When the capacity of a unit cell is increased to reduce the cost of the module, it is necessary to increase the height and / or width of the solid electrolyte bag tube. There is a problem that the concentration distribution and composition distribution of the active material tend to be formed by gravity in the vertical direction in the room, and as a result, an electromotive force distribution is generated in the battery, a circulating current flows, and the efficiency of the battery is reduced. On the other hand, it is possible to increase the width of the solid electrolyte bag tube without changing the height, but in this case, the ratio between the volume and the surface area of the solid electrolyte bag tube becomes large, and the solid electrolyte bag tube is filled. In order to cause the active material to react within a predetermined time, it is necessary to increase the current density during operation, and there is a problem that the efficiency of the battery is reduced due to the influence of the internal resistance. When the battery efficiency decreases, the battery output decreases. As a result, the required number of batteries per kW or kWh increases, and the cost of the module increases.

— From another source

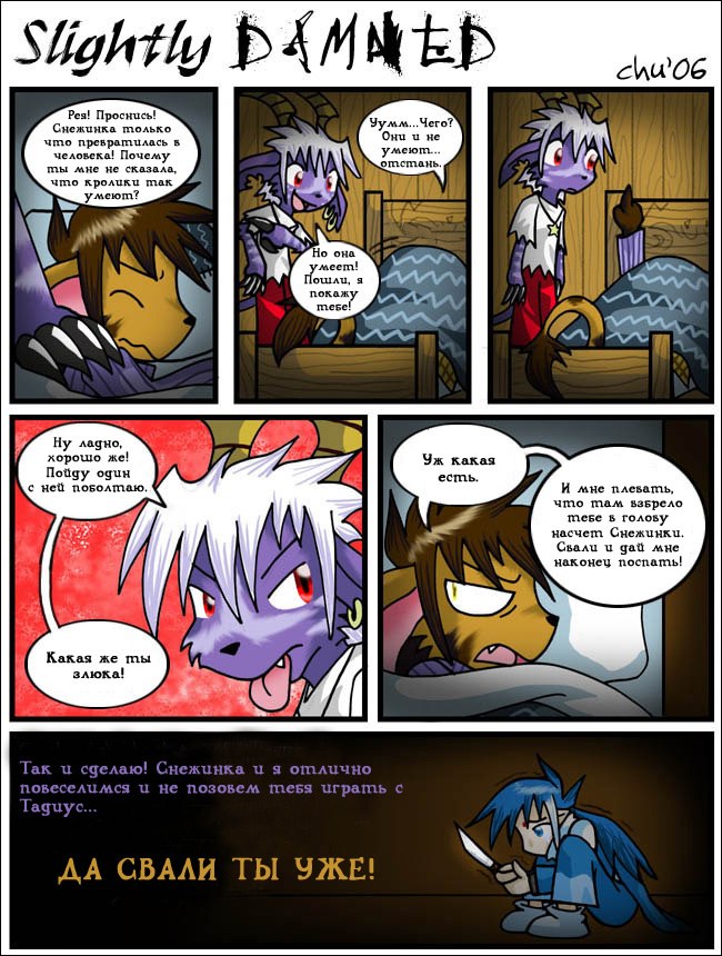 Hiya all! I'm gonna keep it short. July was a very busy month, and tomorrow I'll be off to another convention: Anthro Weekend Utah! I'm sorry I only managed to update Slightly Damned once this month. I did manage to get more pages done, but I decided I should wait until after I'm back from the convention to post more.

A first object of the present invention is to provide a high-temperature sodium secondary battery module that has a simple structure and high fire resistance of the module, so that the cost of the battery system can be easily reduced.

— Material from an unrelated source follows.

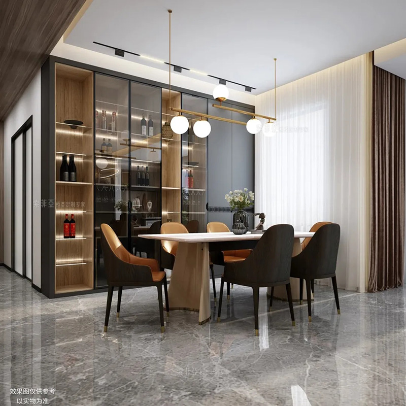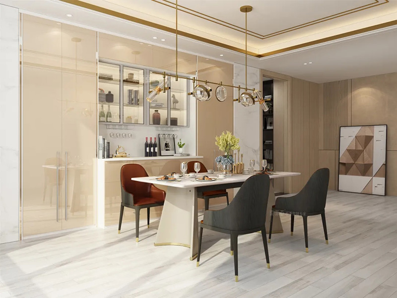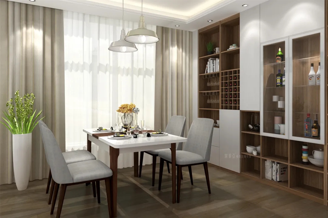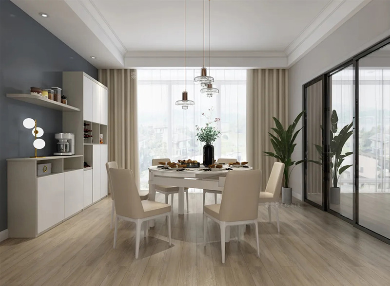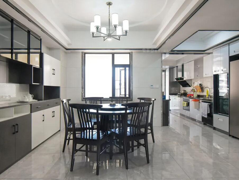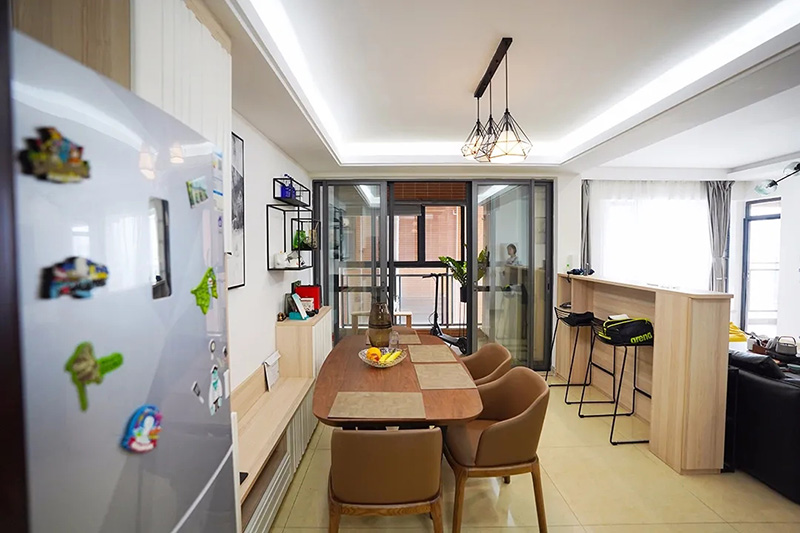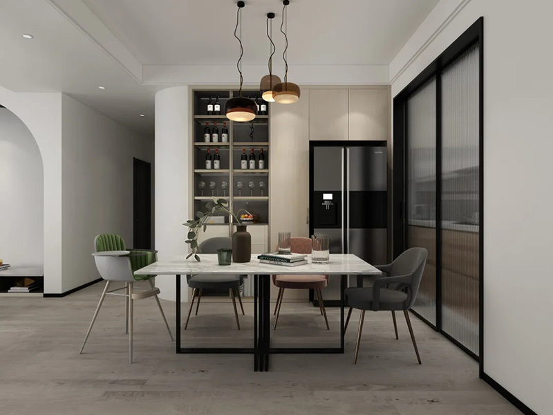 餐廳空間充足的情況下,我們當然希望餐桌盡量大一點。但現實情況是,如今精裝房鮮少能見大大的獨立餐廳,甚至會作為連通臥室和客廳的重要通道。想要入住后不鬧心,餐桌周圍就必須要留有足夠的活動空間。

A second object of the present invention is to provide a high-temperature sodium secondary battery module in which the height of the module can be reduced without lowering the energy density, and as a result, the module can be easily installed. It is in.

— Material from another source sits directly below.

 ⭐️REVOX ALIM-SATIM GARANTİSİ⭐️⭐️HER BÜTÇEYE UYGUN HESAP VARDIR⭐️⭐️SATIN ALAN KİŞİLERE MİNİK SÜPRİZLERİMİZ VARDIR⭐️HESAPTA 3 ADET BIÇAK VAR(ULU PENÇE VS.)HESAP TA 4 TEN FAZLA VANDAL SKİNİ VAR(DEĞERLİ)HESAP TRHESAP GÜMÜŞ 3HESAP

A third object of the present invention is to provide a high battery efficiency,
An object of the present invention is to provide a high-temperature sodium secondary battery module that can reduce the module cost per unit output and, as a result, can easily realize a low cost battery system.

[0014]

(1) In order to achieve the first object, the present invention relates to a high-temperature sodium secondary battery in which a plurality of high-temperature sodium secondary batteries are electrically connected and housed inside a heat insulating container. In the module, it is assumed that an outer wall of the heat retaining container constituting the module is made of a steel plate or a SUS plate, and has a thickness in a range of 1.6 mm to 10.0 mm.

The outer wall of the heat insulating container constituting the heat insulating container is made of a steel plate having a thickness of 1.6 mm to 10.0 mm or S.
By using the US plate, the battery module of the present invention does not need to be stored in a fire-resistant building or cubicle, and has a simple structure and high fire resistance of the module. As a result, the cost of the battery system can be easily reduced. Can be realized.

Here, in order to secure fire resistance, when the module is installed in a building, the thickness of the outer wall is set to 1.6.
mm or more. Further, in order to make the weight of the steel plate or the SUS plate as low as possible and to facilitate the movement, and to reduce the manufacturing cost, it is preferable that the thickness of the steel plate or the SUS plate on the outer wall is 10 mm or less.

(2) In the above (1), preferably,
The thickness of the outer wall is 2.3 mm or more.

As described above, in order to ensure fire resistance, when the module is installed in a building, the thickness of the outer wall must be 1.6 mm or more, but the module is installed outside the building. In this case, the thickness of the outer wall is preferably set to 2.3 mm or more.

(3) In the above (1) or (2), the inside of the outer wall is filled with a heat insulating material, or the space inside the outer wall is evacuated or depressurized, so that the inside is reduced. It is desirable that the high-temperature sodium secondary battery stored in the battery be kept warm.

(4) In the above (1), (2) or (3), it is particularly preferable that the upper surface and the side surface of the outer wall are hermetically sealed.

(5) In order to achieve the second and third objects, the present invention provides the above-mentioned (1) to (4), wherein the longitudinal direction of the high-temperature sodium secondary battery is set horizontally or obliquely. It shall be stored lying down.

By storing the high-temperature sodium secondary battery horizontally or diagonally, the height of the module can be reduced without lowering the energy density. As a result, the module can be installed. Becomes easier. Further, the battery efficiency is high, and the module cost per unit output can be reduced. As a result, the cost of the battery system can be easily reduced.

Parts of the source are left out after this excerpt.